Toys-to-life are exploiting the most nostalgic generation ever - and I don't mind


Remember childhood? That time when you were more likely to get a grazed knee than RSI? When having a Caprisun and a Lunchables box was something you could do without everyone thinking you were making an ironic lunchtime statement? Long before you'd ever even heard the words "Excel" and "toner" and were more likely to be found prancing around the playground shouting "I'm a unicorn!" than getting those copies of the Johnson files for your boss?

Good times, eh? But those times are over. Look at yourselves in the mirror and weep salty tears into your crow's feet and your laughter lines. We will never be young again. Luckily for us all, though, we do have one thing the snotty youths don't: disposable income.

Toys-to-life is the new thing as far as video games are concerned, with Lego Dimensions, Skylanders, Disney Infinity and now Nintendo all cashing in on the lucrative game add-on. It's the future we always dreamed of: our toys are real! After growing up watching Transformers, Power Rangers and Toy Story, and even that one creepy bit in A Little Princess when the dad tells his daughter that her dolls are totally alive and move around when she's not looking, we can finally live the reality that TV and film made us believe in as a child. Problem is, we're all adults now.

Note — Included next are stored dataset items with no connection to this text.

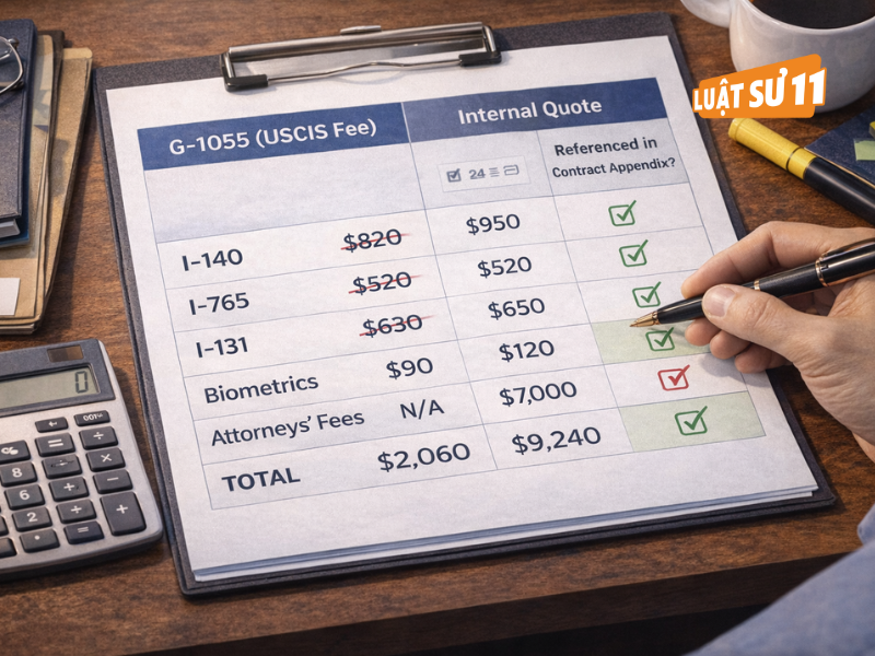 Vì dễ lẫn phí chính phủ với phí luật sư. Hãy yêu cầu tách bạch và dẫn chiếu G-1055 cho phần lệ phí theo phí USCIS 2026. Như vậy, phần việc nào – phí nào đều có căn cứ.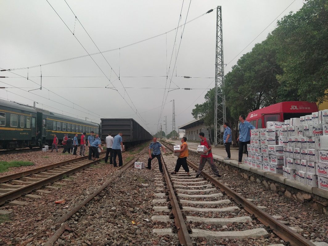 在第二批物資車(chē)隊(duì)駛出倉(cāng)庫(kù)的同時(shí),第三批滿載540多箱食品和礦泉水的京東物流車(chē)涉水抵達(dá)K226/7次列車(chē)臨時(shí)??康泥嵵蓁F爐站,為仍在滯留的數(shù)百名旅客送去應(yīng)急物資。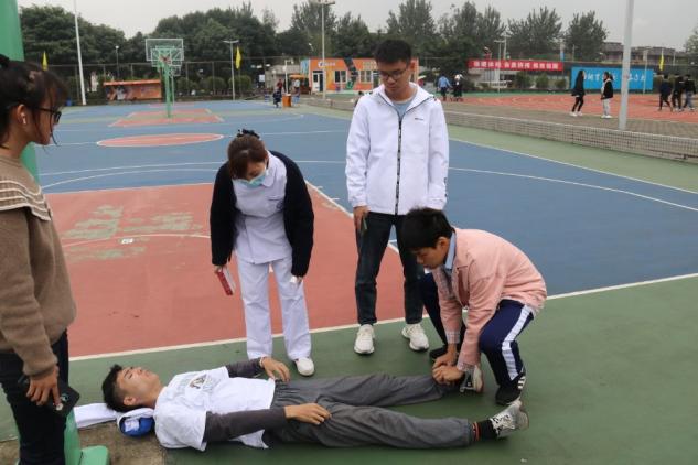 运动会进行期间,场外的同学积极服务和帮助参赛选手,为选手提供食物和水,并确认选手的身体状况是否良好。迎面接力中有同学大腿拉伤,服务的同学们积极主动地关心帮助受伤的同学,并及时联系医务人员,使受伤同学得到了有效的救护。
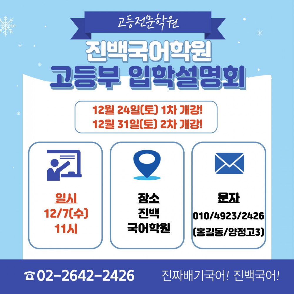 진백국어] 고등부 입학 설명회 안내 / 예비고1, 고2, 고3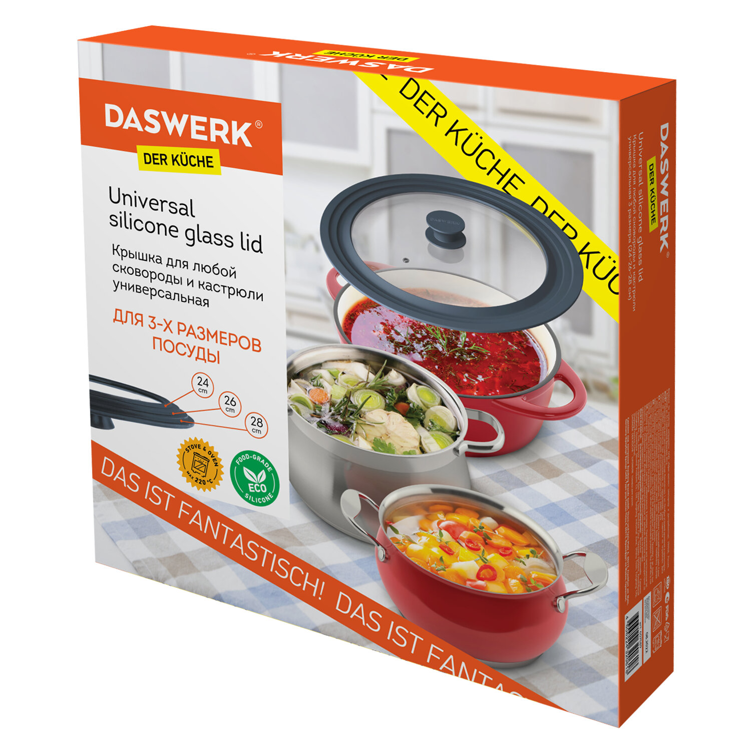 Крышка для любой сковороды и кастрюли универсальная 3 размера (24-26-28 см) антрацит, DASWERK (ДАСВЕРК) Код товара: 607589 620,21 ₽ Купить Производитель:DASWERK Универсальная крышка DASWERK, выполненная из силикона и стекла, позволит сэкономить не только время, но и пространство на кухне: одну крышку можно использовать для посуды разных размеров: 24 см, 26 см и 28 см в диаметре. Крышка DASWERK изготовлена из термостойкого стекла, что позволяет контролировать процесс приготовления без потери тепла. Ободок из экологичного жаропрочного силикона выдерживает температуру до 220 °С. Преимущества: - не выделяет вредных веществ; - легко моется и не впитывает запахи; - можно использовать крышку для приготовления в духовке; - силиконовые части крышки надежно защищают стекло при падении. Больше не нужно хранить гору стеклянных крышек разного размера, универсальная крышка DASWERK существенно сэкономит место на кухне.Производство: КитайДиаметр: 24-26-28 смНазначение для: воки, жаровни, кастрюли, ковши, сковороды, сотейникиСерия: KucheМатериал: стекло, силиконЦвет: антрацитовыйВес: 872 грРазмер упаковки: 6 × 29.9 × 30.6 смОбъём: 0.0066 м3Промежуточная упаковка: 8 штТранспортная упаковка: 8 штШтрих-код: 4606224320618 Сертификат-1.jpg Сертификат-2.jpg Сертификат-3.jpg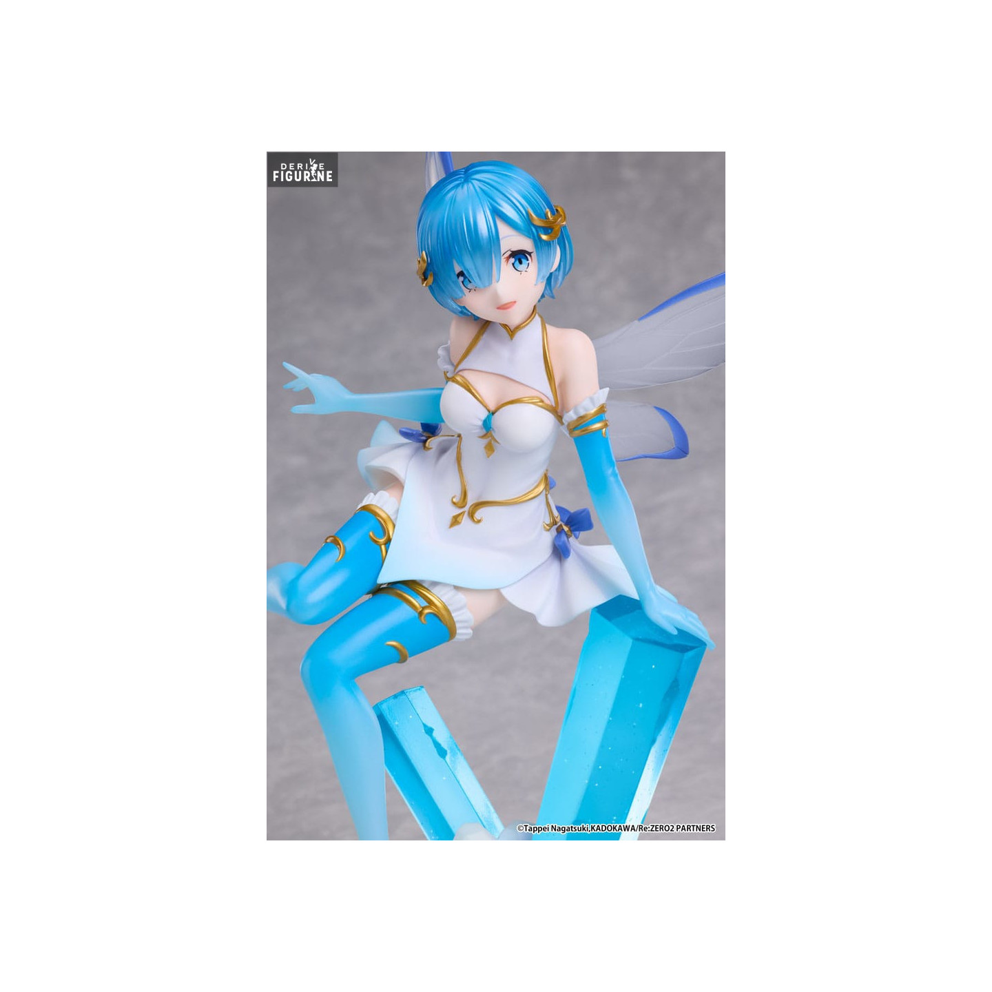 Cette figurine de Rem, intitulée "Jewel Princess", présente le personnage sous une forme féerique avec une tenue élégante et des ailes translucides qui ajoutent une touche magique. Assise sur un cristal bleuté, elle donne l'impression d'être une princesse de glace, prête à protéger son royaume. Les détails raffinés de sa tenue et de ses ailes sont magnifiquement réalisés, ce qui rend cette pièce incontournable pour les collectionneurs. Avec ses 21 centimètres de hauteur, cette figurine à l'échelle 1/7 est fabriquée par Elcoco et capture parfaitement l'essence de Rem tout en lui ajoutant une touche d'élégance fantastique.

But of course, the makers of toys-to-life products know that. Nintendo prices its Amiibos rather high and makes some of them "rare" simply by just, well, not making enough of them; Skylanders and Disney Infinity play off the fact that many of those nostalgic toy-craving people are now parents, and thus have to buy these toys for their kids (right? WINK). Meanwhile Lego Dimensions combines beloved franchises like Scooby Doo, Doctor Who, DC Comics and Back To The Future to sucker in a generation that grew up in the 80s and 90s.

The long con

You see? They're not for kids at all. It's almost as if the entirety of the 90s - a decade dedicated to the promise of technology, even if that promise was occasionally a little bit overenthusiastic (where's my goddamn Power Glove?) - was some kind of long-con-style seeding to get us to crave toys with little chips inside them that held a load of tasty game data.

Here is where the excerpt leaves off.